Given data:
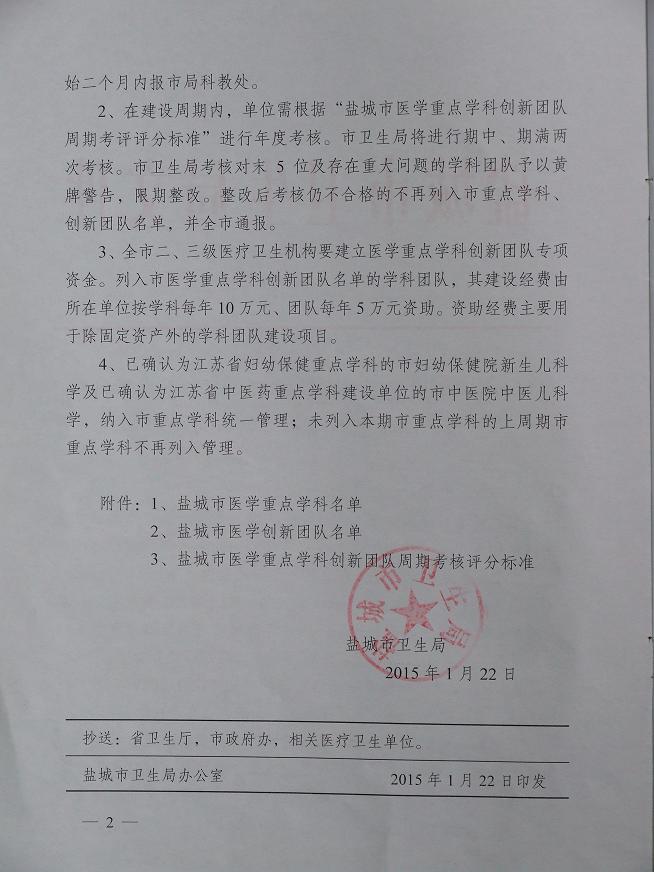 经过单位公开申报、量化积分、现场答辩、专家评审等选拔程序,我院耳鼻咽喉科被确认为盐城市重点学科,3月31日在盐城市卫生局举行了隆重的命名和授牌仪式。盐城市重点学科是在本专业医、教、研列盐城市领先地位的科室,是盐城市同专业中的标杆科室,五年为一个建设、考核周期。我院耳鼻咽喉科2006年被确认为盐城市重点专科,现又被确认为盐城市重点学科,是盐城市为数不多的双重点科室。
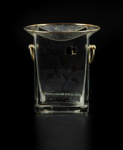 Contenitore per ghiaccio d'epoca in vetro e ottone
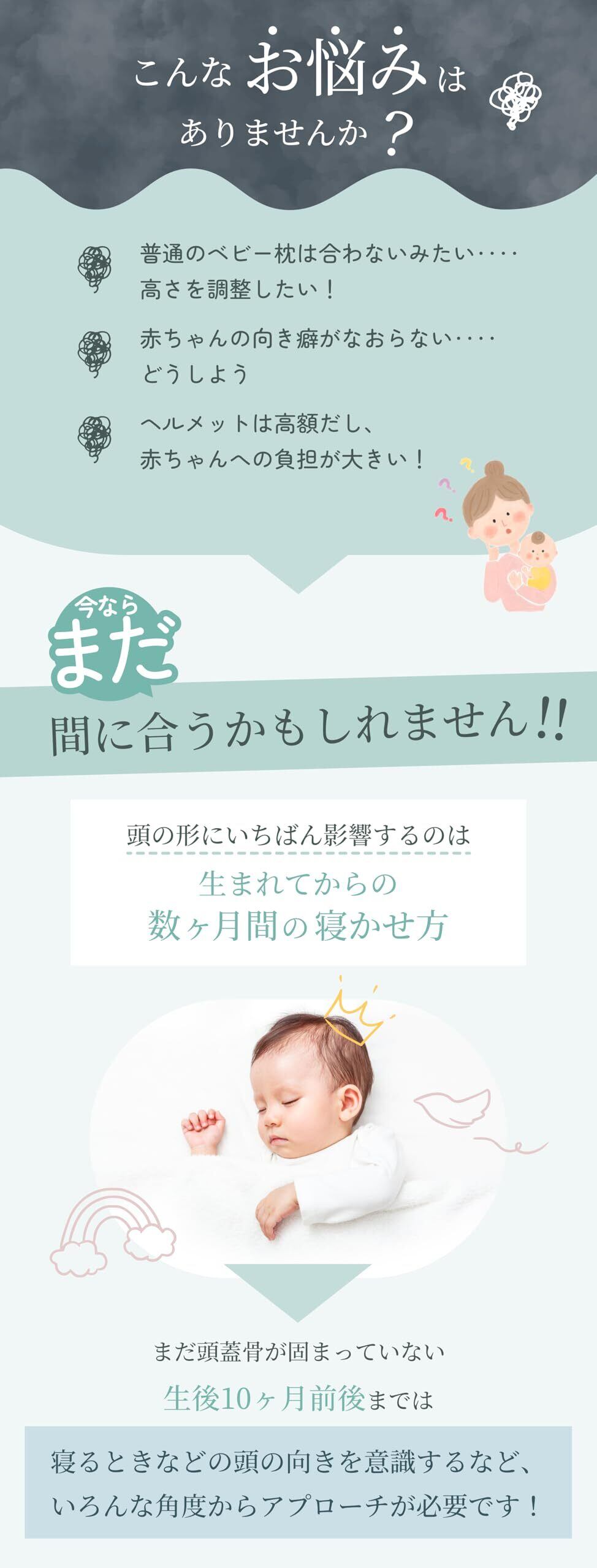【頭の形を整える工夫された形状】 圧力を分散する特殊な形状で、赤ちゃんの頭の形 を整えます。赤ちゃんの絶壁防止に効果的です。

* * *

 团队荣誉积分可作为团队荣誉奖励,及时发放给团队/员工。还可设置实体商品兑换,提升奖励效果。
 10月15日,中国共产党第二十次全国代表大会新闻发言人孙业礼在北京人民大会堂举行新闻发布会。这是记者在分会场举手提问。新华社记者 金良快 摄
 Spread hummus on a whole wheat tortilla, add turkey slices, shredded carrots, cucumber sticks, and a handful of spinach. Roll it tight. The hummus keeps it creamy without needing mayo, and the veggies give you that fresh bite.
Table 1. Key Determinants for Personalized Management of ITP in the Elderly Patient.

What you need to do:
Starting at the line above that holds "团队荣誉积分可作为团队荣誉奖" and ending at the line that holds "Table 1. Key", transcribe each line exactly and include no other lines.

Reply:
 团队荣誉积分可作为团队荣誉奖励,及时发放给团队/员工。还可设置实体商品兑换,提升奖励效果。
 10月15日,中国共产党第二十次全国代表大会新闻发言人孙业礼在北京人民大会堂举行新闻发布会。这是记者在分会场举手提问。新华社记者 金良快 摄
 Spread hummus on a whole wheat tortilla, add turkey slices, shredded carrots, cucumber sticks, and a handful of spinach. Roll it tight. The hummus keeps it creamy without needing mayo, and the veggies give you that fresh bite.
Table 1. Key Determinants for Personalized Management of ITP in the Elderly Patient.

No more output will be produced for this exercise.